今に至るまでにわたしが経験してきたこと、
何かを生み出そうとしている出会った数々の人々とのこと、
目標を実現するにおいて裏で動く役回りのおもしろさ&大切さ、そしてそこから生まれた情景、
デザイナーという存在のあり方の変化、
それら全てとつながりつつ今やっている活動のこと。
そしてそれらをこうして"伝える"っていうこと。

未来の建築家さん、未来の何かさんになる人たちを目の前に、わたしの分野は分かりやすい職業として分類しにくいかもしれないけれど、何かが生まれる"間"に入って実現する役回りで得たことをできる限りお伝えさせていただきました。すぐにはピンとこない内容だった自信はあるけれど、同時に、生徒さんたちが数年後、何かの節に思い出して自分で実感する時がくるのではないかな?という気持ちももちつつ。

去年12月にひょこっとうちの事務所に現れた服部さんと話していた時のわたしへのお言葉が:
「そろそろ役回りとして、【周りが言葉を伝える状況をうまく賢くまわす】から【言葉で自分が人に"伝える"】って大事やで。自分がもっと分かるし、自分が大切にしたいと思って無意識に選びすぐり長い付き合いをしている仲間の活動を助ける役割にもなるしな。いろんなことが明確になる」
それを体現する一つとしてのお仕事が今回の服部さんの授業のゲスト役だったのです。

90分という長い間、わたしの話に耳を傾け、目の色が生き生きしたり死んだり、眠たくなったり微笑んだりする生徒さんの表情がライブ感というか生っぽいというか。伝えるって方法は様々でどういう方法でもいいけれど、今年から漠然とですが「アカデミック」というジャンルを頭のどこかで夢見ているわたしには勉強になりました。

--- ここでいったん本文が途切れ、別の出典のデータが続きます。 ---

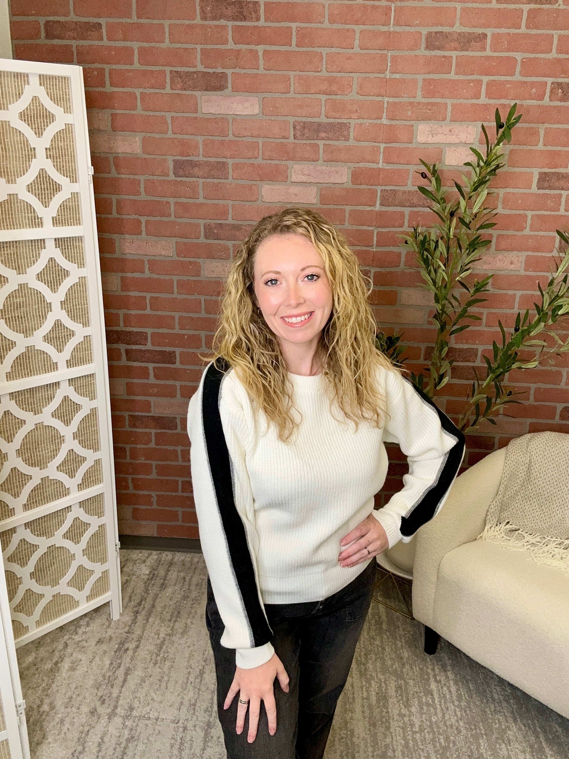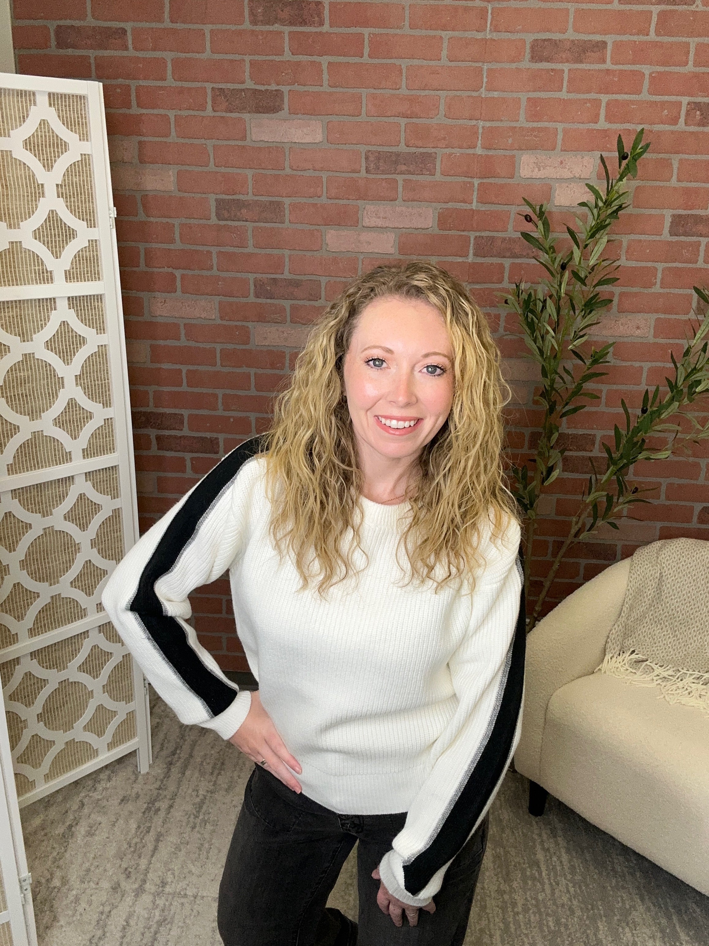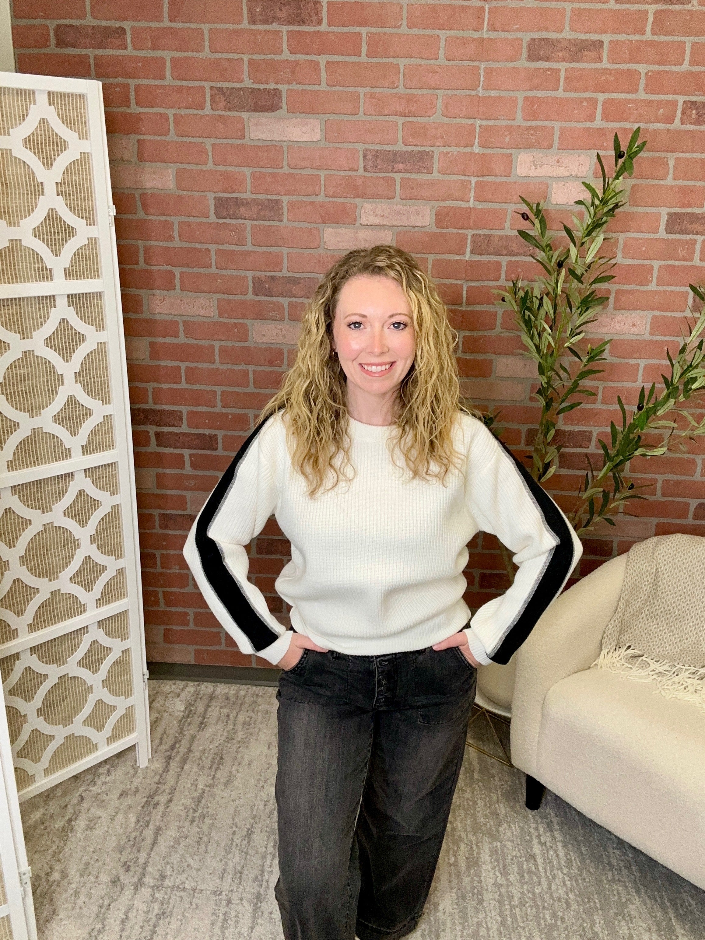 Add a twist of fun to your wardrobe with the Round Neck Stripe Sleeve top! Its classic round neckline pairs perfectly with playful striped sleeves, making every outfit pop with personality. Perfect for casual days when you want to keep it comfy and cute.

  1. Photo1:grafの目の前にある川から見えた夕焼け

やっとのことで、1日前に着いてから落ち着かなかったわたしの講義に対する緊張もほぐれ、お忙しい中お付き合いいただいた服部さんとしばしのランチ。ここに入った瞬間に、すっかり違う国にきた気分ぐらいな雰囲気の中華料理やさん。
前掛けをして声をはりあげ働いているおばちゃんも、
床のタイルの様子も、
テーブルも椅子も、
壁の色づかいも、なんだかとっても心地よい。
大正時代からある建物なんだそうです。ごめんなさい、このレストランの名前,忘れました。

  1. Photo1:店内の風景
  2. Photo2:服部さんもまるでこの建物にすんでいる人のよう?!?
  3. Photo3:プリップリの餃子…食べた後に撮ったから1つだけど、最初はこの餃子が9個ぐらいかな?で三角形に陳列されて1つのお皿に登場してきました

せっかく京都まできたのだから、ということで、蚕の社へ一人むかいました。

蚕の社内にある石造三柱鳥居は日本唯一らしい。
鳥居の前でスクスク育っている系?!の姉弟がお参りをしていく様をみながら、彼らのようにわたしもお参り。お参りが終わると蚕の社はわたしだけのものと言わんばかりに誰もいなくなり、いろんな想像がふくらみとてつもない恐怖感に見舞われながらも一つ一つの神様にご挨拶をして社をあとにしました。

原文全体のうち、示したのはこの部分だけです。